4. Phage Display Systems and Selection of Virulence Factor Targeting Proteins
As noted in the Summary, supra, a variety of methods may be used in selecting a virulence factor targeting protein. In general, such a method will involve screening a set of partially randomized polypeptides to identify those that bind to a virulence factor of interest. Phage display technology is useful for this purpose, and allows the rapid selection of polypeptides from a large library of variants based on their ability to bind to a specific target. In addition, phage display systems offer the opportunity to isolate a virulence factor binding protein in a context that is similar to that in the ultimate VTB agent. For example, variants of a tail fiber polypeptide of a T4 phage may be expressed as a fusion protein with a structurally similar protein from a phage lambda display library. This approach reduces the risk that, upon introduction of a targeting protein into a VTB, the structural integrity of the phage is disrupted. Additionally, because each phage particle carries the genetic information for the peptide it is displaying on its surface, there is a physical link between phenotype and genotype. Since their invention in 1985, phage display systems have been refined and expanded. There are phage display systems that are based on filamentous phages such as M13, as well as those based on tailed phages such as lambda, T7 and T4. All of these systems share the same basic properties, including a method for efficiently creating the diverse library of displayed peptides, a method for selection or "panning" for phages displaying peptides capable of binding to the target and a method for amplifying the phage by infecting and multiplying in a permissive host bacterium.

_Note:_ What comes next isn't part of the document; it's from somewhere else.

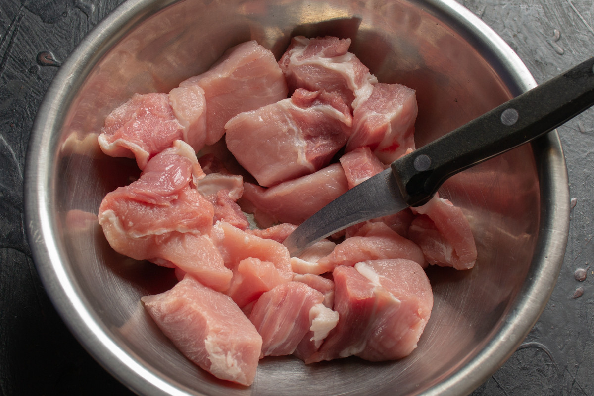 Нарезаем свинину кусочками среднего размера. Если мясо совсем без жира, советую добавить немного несолёного сала – просто нарежьте его кубиками, достаточно две столовые ложки.

There are a number of methods for panning a phage library, generally using the same principal. The phage library is exposed to the target molecule, to allow those phages that display a peptide capable of binding, to do so. The unbound phages are then washed away. Phages that bound to the target are then eluted off and amplified by growing them in a permissive host. The panning procedure is repeated one or more times to enrich the library to the point where nearly all of the phages can bind to the target.

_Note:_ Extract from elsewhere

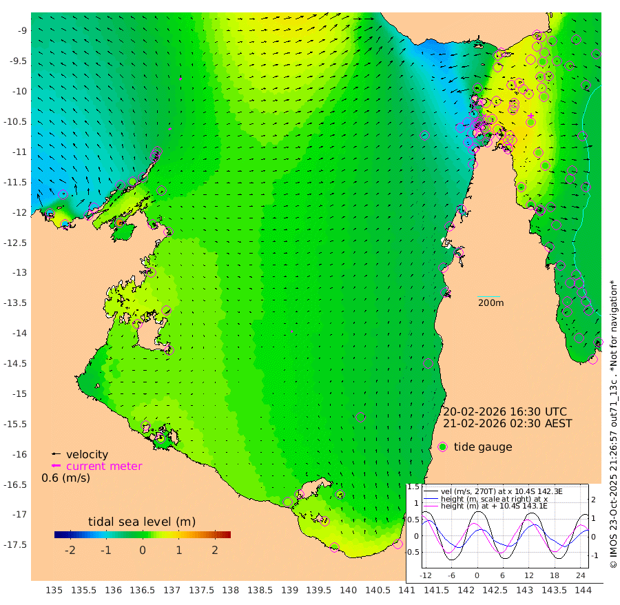 18cm/s 61T +3cm/s rms + 7cm/s -42T. ARA-GOC87 57m 10cm/s 43T +3cm/s rms + 2cm/s -2T. ARA-GOC87 60m 18cm/s 46T +2cm/s rms + 3cm/s 61T. ARA-GOC87 47m 50cm Daru 45cm Bobo Island -9cm Meer Island Barge 1cm Bramble Cay 27cm Unnamed Cay 21cm Pearce Cay 16cm Stephens Island 22cm Merrie England Shoals 41cm Mutacomal Reef 21cm Darnley Island Barge -16cm East Cay 37cm Yorke Island Barge 25cm Rennel Island 38cm Aureed Island 38cm Dungeness Reef 71cm Zagai Island 49cm Yam Island 47cm Dauan Island 59cm Saibai Island 56cm Phipi Reef 64cm Warrior Reef - West 22cm Mabuiag Island Barge 24cm Half Way Island 49cm Coconut Island 30cm Dugong Islet 45cm Poll Island 39cm Kirkcaldie Reef 53cm Suarji Island 58cm Sue Islet -96cm Hawkesbury Island 33cm Alert Patches 34cm Twin Island -59cm Badu Island 45cm St Pauls (Moa Island) -52cm Kubin (Moa Island) 7cm Ince Point -12cm Thursday Island -6cm Nardana Patches -45cm Turtle Head -52cm Round Island -96cm Goods Island -116cm Booby Island -116cm White Rocks Area -80cm Carpentaria 28cm Papou Point -92cm Bampfield Head -95cm Crab Island -113cm Red Wallis Island -76cm Packe Island 42cm Harrington Reef -93cm Herald Camp 27cm Sharp Point -47cm Red Island Point 7cm Possession Island 42cm Alpha Rock 40cm Frederick Point 50cm Wyborn Reef Light 53cm Tetley Island -3cm Triangle Reef 38cm Turtle Head Island -16cm Maclennan Cay -29cm Raine Island 26cm Mcsweeny Reef 21cm Collette Reef -2cm Shadwell Reef 21cm Hannibal Island -3cm Round Point -87cm Vrilya Point -5cm Cape Grenville -11cm Hicks Island -17cm Sir Charles Hardy Island -1cm Harvey Island -18cm Kay Reef -24cm Rocky Island -31cm Chapman Island -29cm Ham Reef -24cm Jubilee Reef -19cm Night Island -31cm Unnamed Reef No. 3 -27cm Morris Island -27cm 1st 3 Mile Opening -27cm Creech Reef -22cm Fife Island -38cm Eden Reef -29cm Stanley Island -35cm Normanby River -114cm Yabooma Island -109cm Hutchison River -100cm Elcho Island -105cm North West Crocodile Island -26cm Cape Wessel -59cm Stevens Island 23cm Guluwuru Island -61cm Hopeful Bay -39cm Auster Point -46cm Two Island Bay -54cm Cadell Strait 157cm Mallison Island 16cm Melville Bay (Gove Harbour) 17cm Truant Island 28cm Cape Arnhem 34cm Cape Grey 36cm Hawk Island 43cm Milner Bay (Groote Eylandt) 31cm Cape Beatrice 45cm West Island 48cm Centre Island 41cm Mornington Island 33cm West Wellesley Islands 31cm Bountiful Island 25cm Albert River Mouth 62cm Sweers Island 25cm Karumba -2cm Nassau River Offshore -24cm Christmas Creek -51cm Archer River -53cm Boyd Point -73cm Weipa (Humbug Point) -49cm Pennefather River -80cm Cullen Point
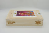 Here's an adventurous 480 piece wooden jigsaw puzzle featuring "North Star" by contemporary artist Vikram Madan. Designed by Tara Flannery, this puzzle features multiple connector types, a straight edge, and elaborate themed multi-piece whimsies. This one is tougher than average with extra-small pieces, so be ready to face some tentacle difficulties!

Phage display systems have been used for a variety of applications including cloning human antibodies, displaying cDNA libraries, and epitope mapping. Although almost any standard phage display system can be used to identify polypeptides that can bind to bacterial cells, none of them are designed to allow the phage to infect a target cell based on the binding ability of the displayed peptide. This would require that the peptide library be displayed at the end of the phage tail fibers. Several phage display systems based on the filamentous phage M13 do display their peptide libraries at the end of the phage's tail fibers, however, preliminary results suggest that Ml 3 phage may be unsuitable for this purpose, or may require additional work. A preferred phage display system is one that permits infection of target cells based on the peptide library (tail fiber variants). Panning in such a system can be done in vivo, and there would be no need to purify the target molecule and immobilize it for in vitro panning. The panning procedure itself would be significantly simplified; for instance there would be no elution step. Because the phage can directly infect the cell expressing the target molecule, the panning procedure goes directly from binding to the amplification step.
5. Virulence Targeted Bacteriocins ("VTBCs")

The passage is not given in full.